How does a banker acquire additional reserves to cover new loans?  There are three 
possibilities.  One is to borrow from the Federal Reserve.  The Federal Reserve can 
make loans to banks, although they don't really make very many loans to banks.  
Sometimes the Fed is regarded as the lender of last resort.  So, although possible, 
that's what typically happens.  A second possibility is for the bank to sell some of 
its government securities and deposit the proceeds with the Fed.  That would 
increase actual and excess reserves.  But, government securities are a source of 
earnings for the bank so that isn't done too often.

What typically happens is that banks who are short of reserves borrow reserves from 
banks that have more reserves than they need.  These are overnight loans.  The Walden 
bank would borrow from some other bank to cover the loan they made to me and then 
repay the loan the next day, including interest.   On any given day, some banks will 
face a reserve shortage while others have a reserve surplus.  That depends on the 
dollar value of checks are written against a bank and the dollar value of checks 
deposited in a bank.  This is a computerized market and it's called the Federal 
Funds market
.  That's an odd term; it is shorthand for Federal Reserve funds.  The 
interest rate is the federal funds rate and, as we will see later, the Fed is very 
interested in the federal funds rate.  It is an important part of monetary policy.

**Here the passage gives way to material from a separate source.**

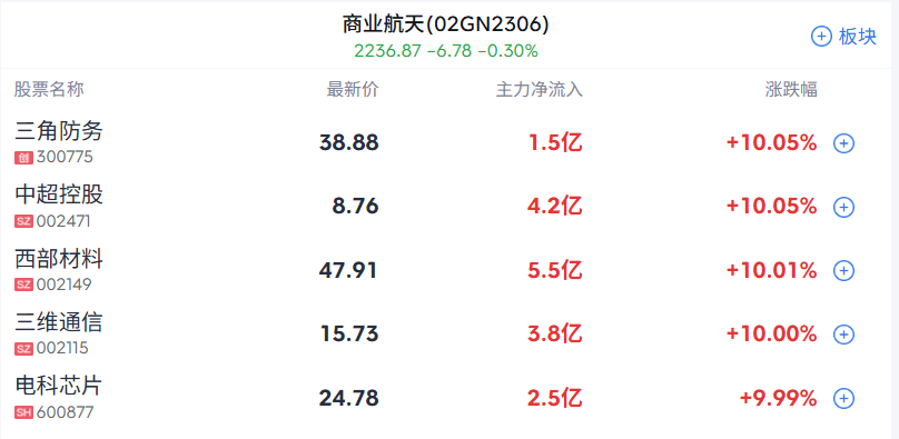 商业航天概念震荡回升,电科芯片直线涨停,西部材料触及涨停,欧科亿、再升科技、广联航空、飞沃科技等冲高。
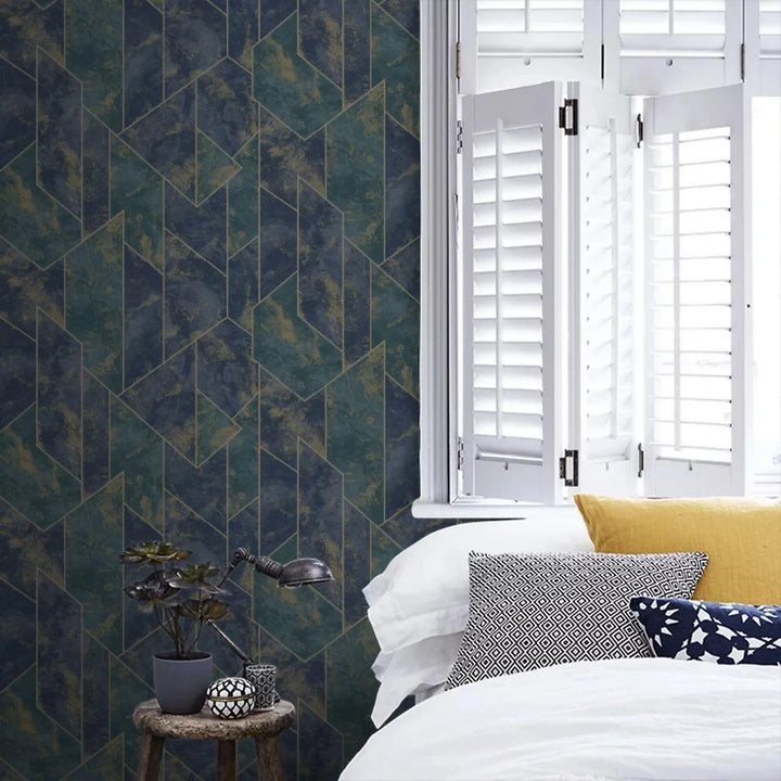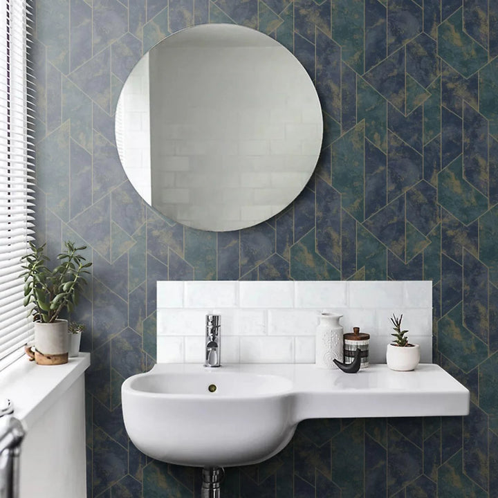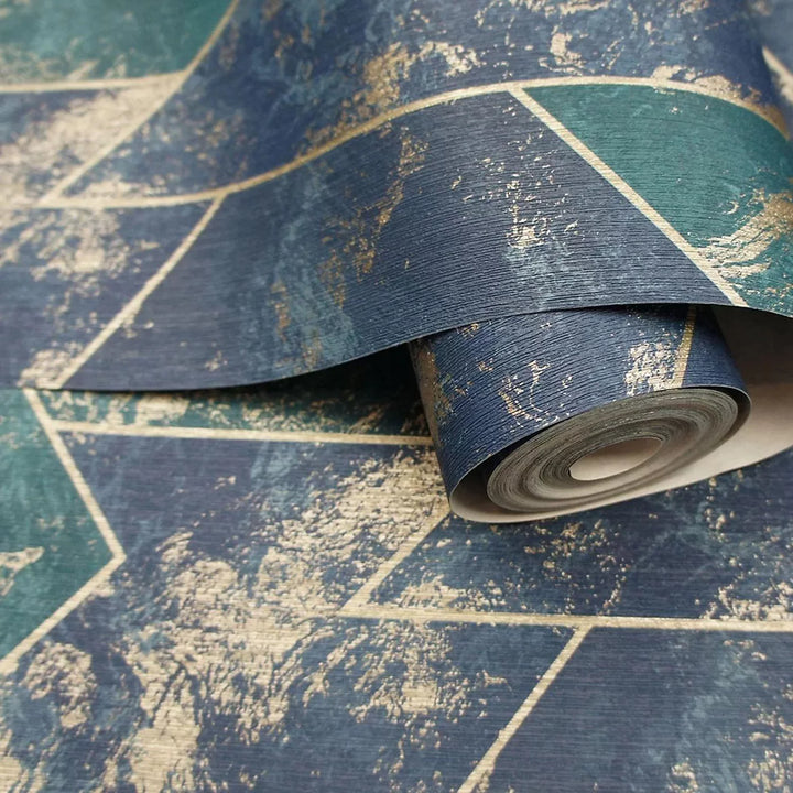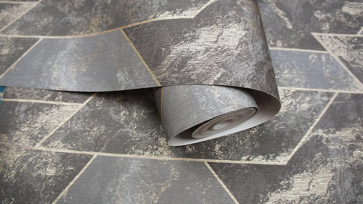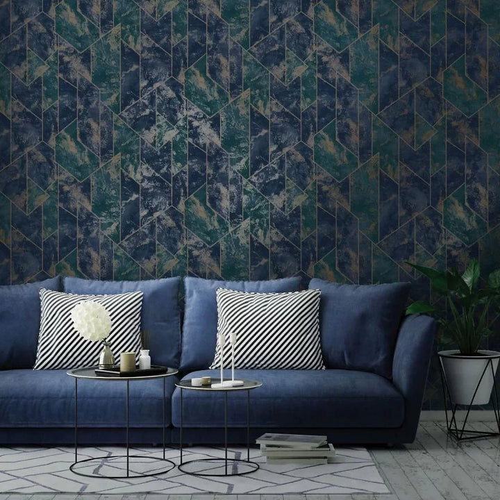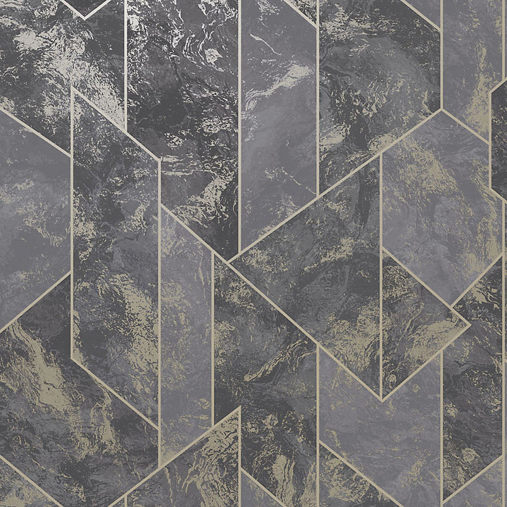 Transform your interiors with the Holden Decor Zarci Geometric Wallpaper, a contemporary design that brings together the natural elegance of marble textures and the precision of bold geometric structures. Metallic highlights run through the design, catching the light beautifully to add movement and depth to any space. Available in sophisticated colourways such as deep navy and rich charcoal, it delivers a dramatic statement while maintaining a refined, modern feel.

A comment on bank failures

Banks, like any private business, can and do fail.  During the great depression of the 
1930s, over 9000 banks failed.  In the 1970s a number of savings and loans also failed.  
Depositors, however, do not assume any risk with a bank, because bank deposits are 
insured by the Federal Deposit Insurance Corporation (FDIC) for deposits up to $100,000. 
That was started by Congress during the great depression.  Banks pay premiums for 
this insurance to the FDIC--but those premiums aren't adjusted for how many risky loans 
a bank makes.  Many think the premiums should be risk adjusted.  Savings and loans 
are insured by the Federal Savings and Loan Insurance Corporation (FSLIC).  When 
many of them failed in the 1970s, the FSLIC ran out of funds and the federal government 
paid for costly bail outs.  

The Federal Reserve System 

Now we turn our attention to the sometimes mysterious world of the Federal Reserve.  
The Fed was created by Congress in 1913.  It is a central bank, and it is a bankers' bank.  
Banks do the same kinds of business with the Fed that you and I do with a commercial 
bank.  They keep deposits there and they can, as noted above, borrow from the Fed.  
Broadly speaking, there are two purposes of the Fed.  One is service functions and the 
other, more importantly for us, is monetary control.  Unlike other government agencies, 
there are no checks and balances for the Federal Reserve.  Neither the Congress nor 
the president can veto their actions.  They play a role in determining who the board 
members are, as noted below.  But that's all.  I guess in one sense Congress could 
play a role.  Congress created the Fed, so it could get rid of it or modify its structure--
but there is a near zero chance of that happening.

Functions of the Fed

We look briefly at the Fed's main functions:

  • Clearing checks, as we saw earlier
  • Holding bank reserves, as we also saw earlier
  • Providing currency
  • Making loans to banks (sometimes)
  • Supervising and regulating banks
  • Framing and executing monetary policy

The currency you carry says "Federal Reserve Note" on it.  The currency is a liability 
of the Federal Reserve, although you can't redeem it for anything.  It used to be that 
there had to be gold backing part of the currency, but not any more.  As we saw 
earlier, currency discharges its functions because we have confidence that 
it will.

How is the Fed organized?

At the top of the Fed's structure is the board of governors.  The board consists of 
seven members, appointed by the president with the consent of the senate.  They 
are appointed for fourteen year terms so a newly elected president cannot simply 
sweep them all away and appoint members of his own choosing.  A member cannot 
be reappointed to a second fourteen year term, however.  They can only by removed
by impeachment, which has never happened.  This insulates the board from 
political whims.  

One of the board members is the chair.  He or she is also appointed by the president 
with the consent of the senate.  The chair is appointed for a four year term, and is 
regarded by many as a person of great economic power--more than the president.  
For almost 20 years, the chair of the board was Alan Greenspan--a colorful person 
and one generally held in high esteem by most.  He was appointed in 1987 by President 
Reagan to fill an unexpired term.  He was reappointed chair by Bush, Clinton and Bush II. 
Greenspan has a doctorate in economics, as do six of the seven governors. The 
current chair, appointed last year to that position, is Ben Bernanke. 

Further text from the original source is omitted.